Name:	intersection.png
Views:	1
Size:	11.6 KB
ID:	1362411




  • #2
    A solution might involve replacing your -display- call in the last line with a call to -nlcom-. Except, in so far as I follow your code, that line includes an observation-specific term. So you might have use -predictnl- and then look at particular obs? [I haven't investigated why the dotted line 'works']

    Comment


    • #3
      Hmm, is it as simple as estimating the regression's variance-covariance matrix using bootstrap and then calling nlcom to calculate the intersection point and se's of the interaction term? Do the 95% CI's generated by nlcom correspond to the CI around x* (which is the dotted line in the figure in #1)

      Code:
      logistic aki2 c.Preop_GFR c.log_avl i.it_type3##c.Ischemia_Time_Min i.agecat male i.race i.bmicat i.cci_cat i.renal c.Tm1Sz1 i.clavien_cat, coef vce(bootstrap, reps(100))
      
      nlcom (overlap: -_b[1.it_type3] / _b[1.it_type3#c.Ischemia_Time_Min])
      
      overlap: -_b[1.it_type3] / _b[1.it_type3#c.Ischemia_Time_Min]
      
      ------------------------------------------------------------------------------
      aki2 | Coef. Std. Err. z P>|z| [95% Conf. Interval]
      -------------+----------------------------------------------------------------
      overlap | 25.52385 4.039919 6.32 0.000 17.60575 33.44194
      ------------------------------------------------------------------------------

      Comment


      • #4
        I doubt it's as simple as that too. One basic issue is that your nlcom output in post #3 shows an estimate of 25.5, and that value isn't on your graph. (The intersection of the two lines is at around x = 6, and y = 10.) What indeed are the variables plotted in that graph? I suspect you've done a screenshot cut/paste, but it's left out material.
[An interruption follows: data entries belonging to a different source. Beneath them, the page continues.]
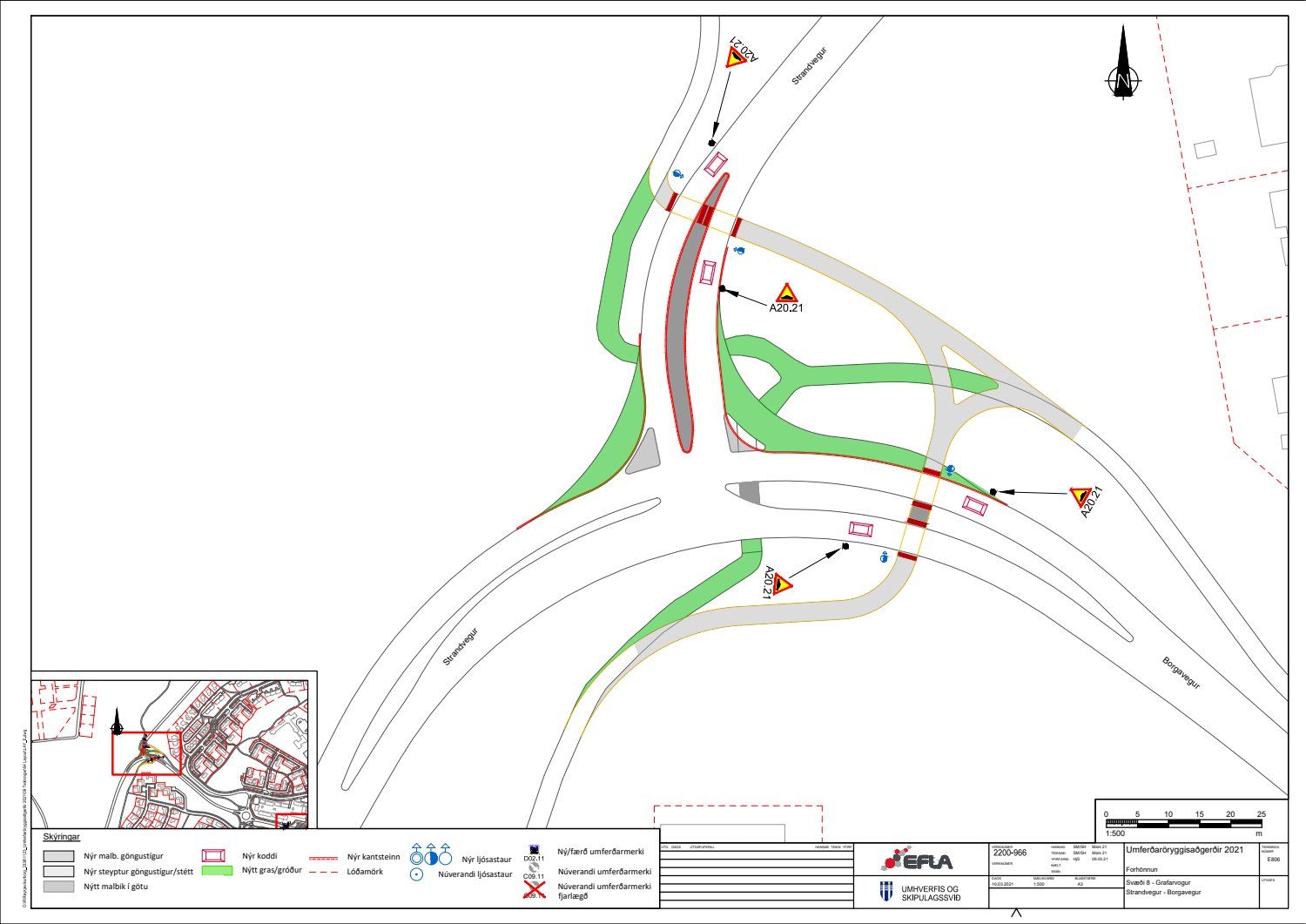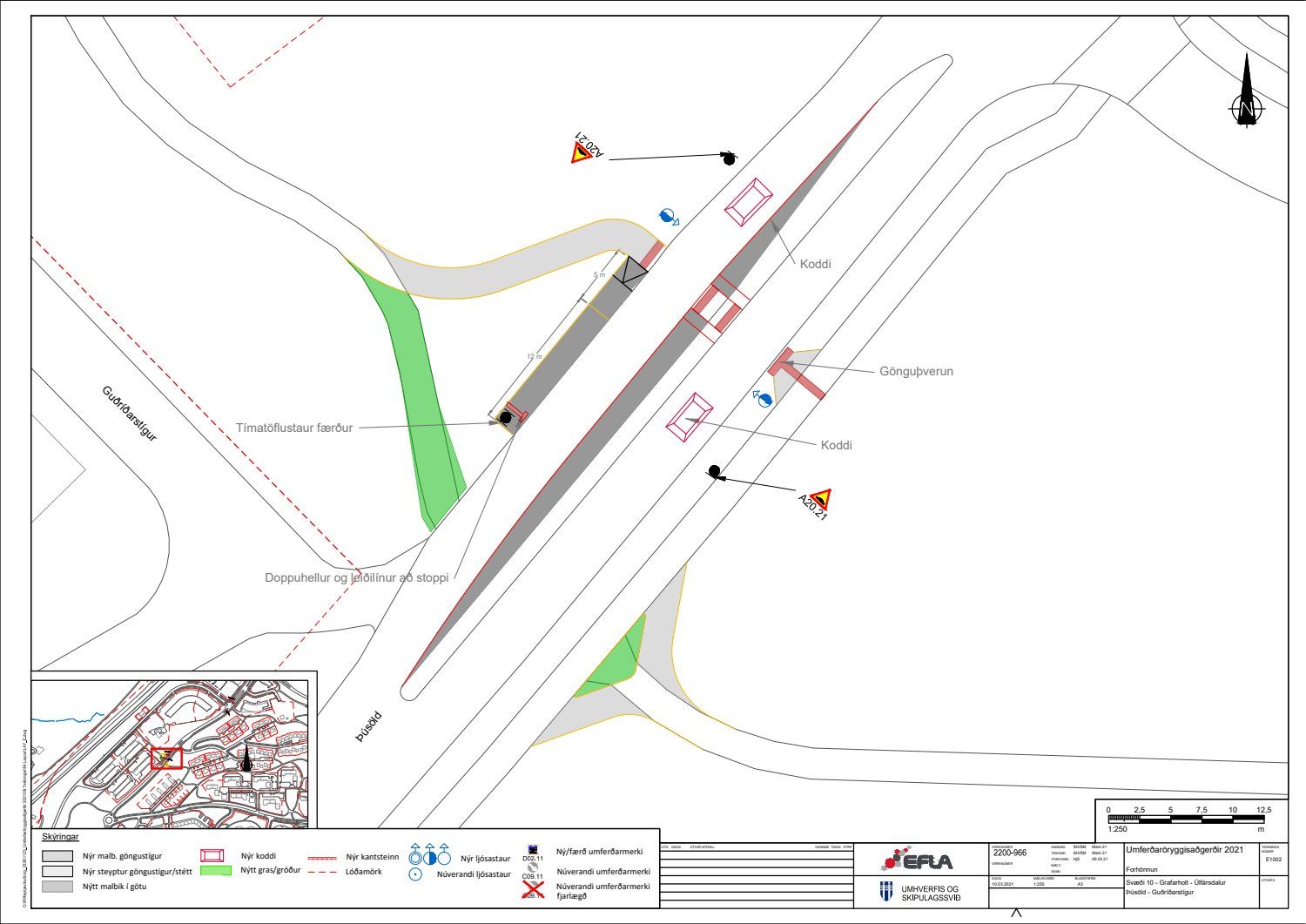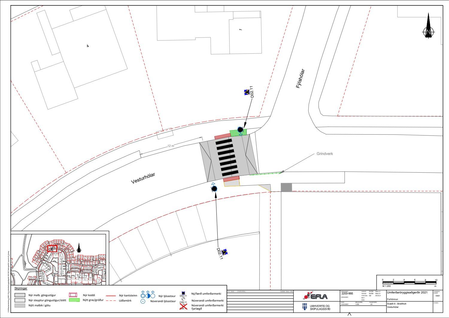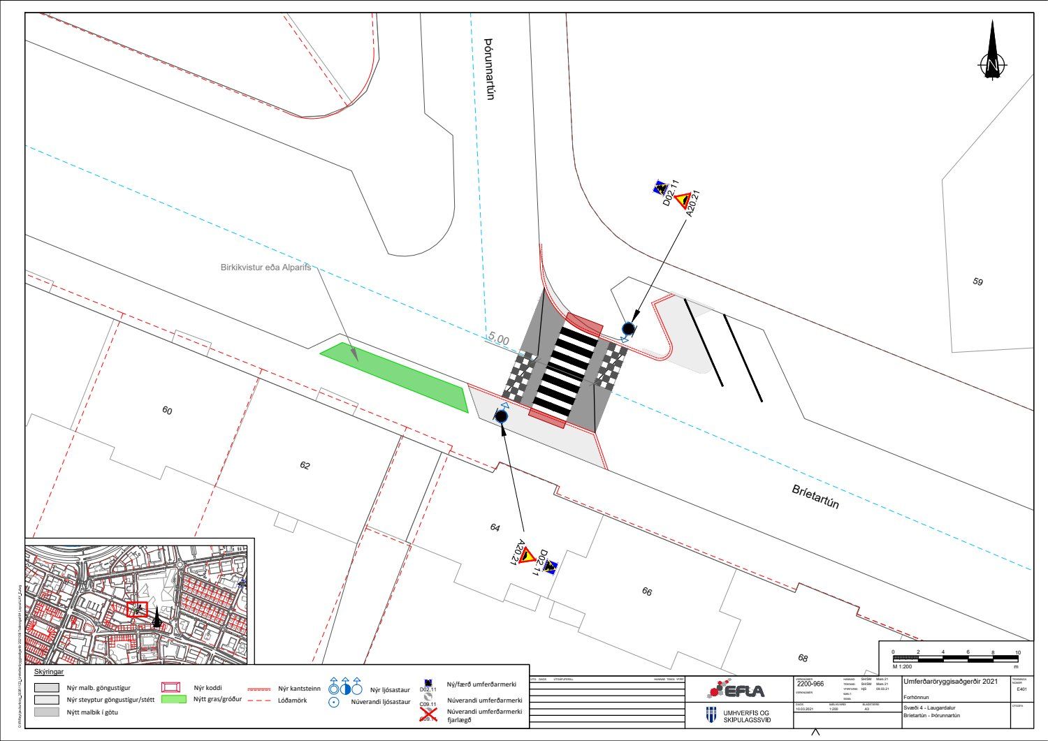 Óskað er heimildar skipulags- og samgönguráð til að halda áfram undirbúningi hönnunar og gerð útboðsgagna fyrir aðgerðirnar með það að markmiði að bjóða þær út til framkvæmda vorið 2021. Aðgerðirnar eru eftirtaldar en teikningar fylgja með tillögunni: a. Ný gangbraut yfir Meistaravelli austan húss nr. 19-23 á upphækkun og með gangbrautarlýsingu. b. Ný gangbraut yfir Hofsvallagötu vestan Ásvallagötu og hraðadempandi aðgerðir til samræmis við gatnamót við Sólvallagötu. Bætt lýsing á gatnamótum Hofsvallagötu og Sólvallagötu og Hofsvallagötu og Ásvallagötu. c. Ný gangbraut yfir Bríetartún austan Þórunnartúns á upphækkun og með gangbrautarlýsingu. Til að tryggja sýn að og frá gönguþverun er gert ráð fyrir að fella niður tvö bílastæði sunnan götunnar. Norðan götunnar er gert ráð fyrir að tveimur bílastæðum næst gönguþveruninni sé hækkað upp í hæð gangstéttar og breytt í stæði stæði fyrir hreyfihamlaða (kemur ekki fram á teikningunni). d. Ný gangbraut yfir Nóatún sunnan Sóltúns á upphækkun og með gangbrautarlýsingu. e. Aðgreining bílastæðis á lóð og gönguleiðar að leiksvæði í enda botnlanga Rauðalækjar 19-25. f. Ný gangbraut yfir Engjaveg móts við hús nr. 6 með gangbrautarlýsingu á núverandi upphækkun. Upphækkun vestan innkeyrslu að bílastæði Þróttar. g. Ný gangbraut yfir Skeiðarvog og húsagötu samsíða götunni, móts við hús nr. 97-107 með gangbrautarlýsingu. Ný upphækkun og tenging við gangstétt innan við húsagötu. Til að ná að tengja gönguþverunina við gangstétt innan húsagötu þarf að fella niður tvö bílastæði við húsagötuna. h. Ný gangbraut yfir Háaleitisbraut sunnan Hvassaleitis með gangbrautarlýsingu. Hraðadempandi aðgerðir í aðdraganda gönguþverunarinnar og þrenging götunnar niður í eina akrein í hvora átt gegnum gatnamótin við Hvassaleiti. i. Ný upphækkun og núverandi gangbraut yfir Vesturhóla vestan Fýlshóla. Gangbrautarlýsing og lagfæringar á gangstétt. j. Grindverk (fallvörn) með fram stíg við Höfðabakka og rampa að Vesturlandsvegi við hleðslu að lóð Húsgagnahallarinnar. k. Ný upphækkun yfir Lokinhamra norðan við aðkomu frá Gullinbrú við núverandi gangbraut. Gangbrautarlýsing og lagfæringar á gönguleið að undirgöngum. l. Ný gangbraut yfir Fjallkonuveg norðan Reykjafoldar með gangbrautarlýsingu, miðeyju og hraðadempandi aðgerðum. m. Ný gangbraut yfir Fjallkonuveg miðja vegu milli Reykjafoldar og Logafoldar með gangbrautarlýsingu, miðeyju og hraðadempandi aðgerðum. n. Ný gangbraut yfir Borgaveg austan Strandvegar, austar. Gönguþverun yfir Strandveg, norðan Borgavegar færð. Gangbrautarlýsing á báðum gönguþverunum, hraðadempandi aðgerðir og stígar aðlagaðir að nýjum staðsetningum þeirra. Hægribeygjuframhjáhlaup á gatnamótum afnumin til að stuðla að hægari umferð og bættu öryggi akandi vegfarenda. o. Ný gangbraut yfir Borgaveg vestan og austan biðstöðvar strætó í Spöng með gangbrautarlýsingu, hraðadempandi aðgerðum. p. Ný gangbraut yfir Korpúlfsstaðaveg við biðstöð strætó milli Bakkastaða og Brúnastaða, með gangbrautarlýsingu og hraðadempandi aðgerðum. q. Hraðadempandi aðgerðir við gönguþverun yfir Þúsöld norðan Vínlandsleiðar og bætt lýsing gatnamóta. r. Ný gönguþverun yfir Þúsöld í tengslum við biðstöð strætó norðan Guðríðarstígs með gangbrautarlýsingu og hraðadempandi aðgerðum. Stígar aðlagaðir að staðsetningu gönguþverunar. s. Ný gönguþverun og upphækkun yfir Stjörnugróf sunnan Undralands (teikning ekki tilbúin). Til viðbótar við ofangreindaraðgerðir sem ekki hafa verið kynntar áður er ráðgert að merkja gangbraut yfir Sogaveg móts við göngubrú að Skeifunni en hún var samþykkt á fundi skipulags- og samgönguráðs 2. desember 2020. Áætlaður kostnaður vegna aðgerðanna er 140 millj.kr.
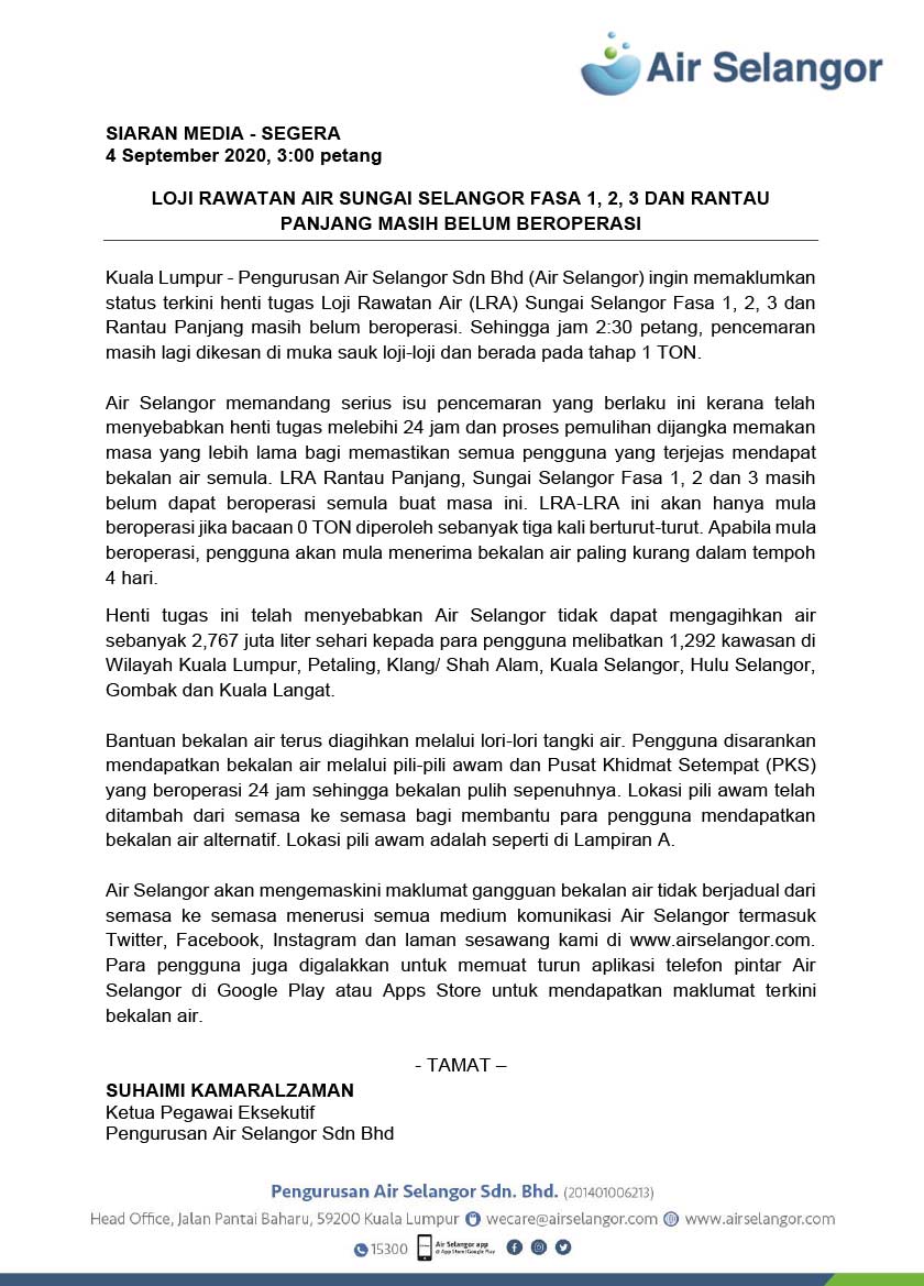"Air Selangor memandang serius isu pencemaran yang berlaku ini kerana telah menyebabkan henti tugas melebihi 24 jam dan proses pemulihan dijangka memakan masa yang lebih lama bagi memastikan semua pengguna yang terjejas mendapat bekalan air semula.
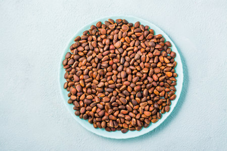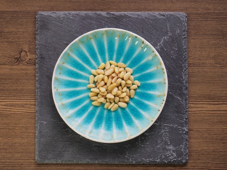 Unshelled pine nuts on a blue plate. Remedy for insomnia and detox food. Vitamins and health. Top view

        My earlier suggestion in post #2 was based entirely on your last line in post #1, and note also the caveats I gave. I suggest that it would help if you backed up and simplified your problem to make it easier to understand precisely what you're trying to do. (You are using data we don't have access to; you're using complex models with interactions; etc.) As part of this, I suggest you also explain more clearly and precisely how the lines are defined (conceptually, not simply in terms of Stata code) and, similarly, how "overlap" ("intersection"?) and the confidence interval that you are seeking, are defined. [How too does what you want take account of the fact that the marginal effects are calculated at particular values of the predictors?)

        Comment


        • #5
          Appreciate your responses. The value of 25.5 actually does match up visually. I apologize as the figure I attached in #1 was used to symbolically represent the goals of my question. I'm attaching a figure of the actual data below.

          We see visually and confirm objectively that that two curves that correspond to the interaction of it_type3##Ischemia_Time_Min at it_type3==0 (blue) and it_type3==1 (red) intersect at x* of 25.5. This can be calculated using the following formula, which I can run after a bootstrap:
          Code:
           
           -_b[1.it_type3] / _b[1.it_type3#c.Ischemia_Time_Min]
          I'm not sure if the 95% CI of that calculation, with values of 17.6-33.4, gives me the 95% range of possible intersection points, which is the goal here.

          I'd like to show where the two curves intersect because at any value greater than x*, there is a higher probability of the adverse outcome, aki2, and the risk of having that outcome can be mitigated by employing cold ischemia (blue curve; it_type3==0).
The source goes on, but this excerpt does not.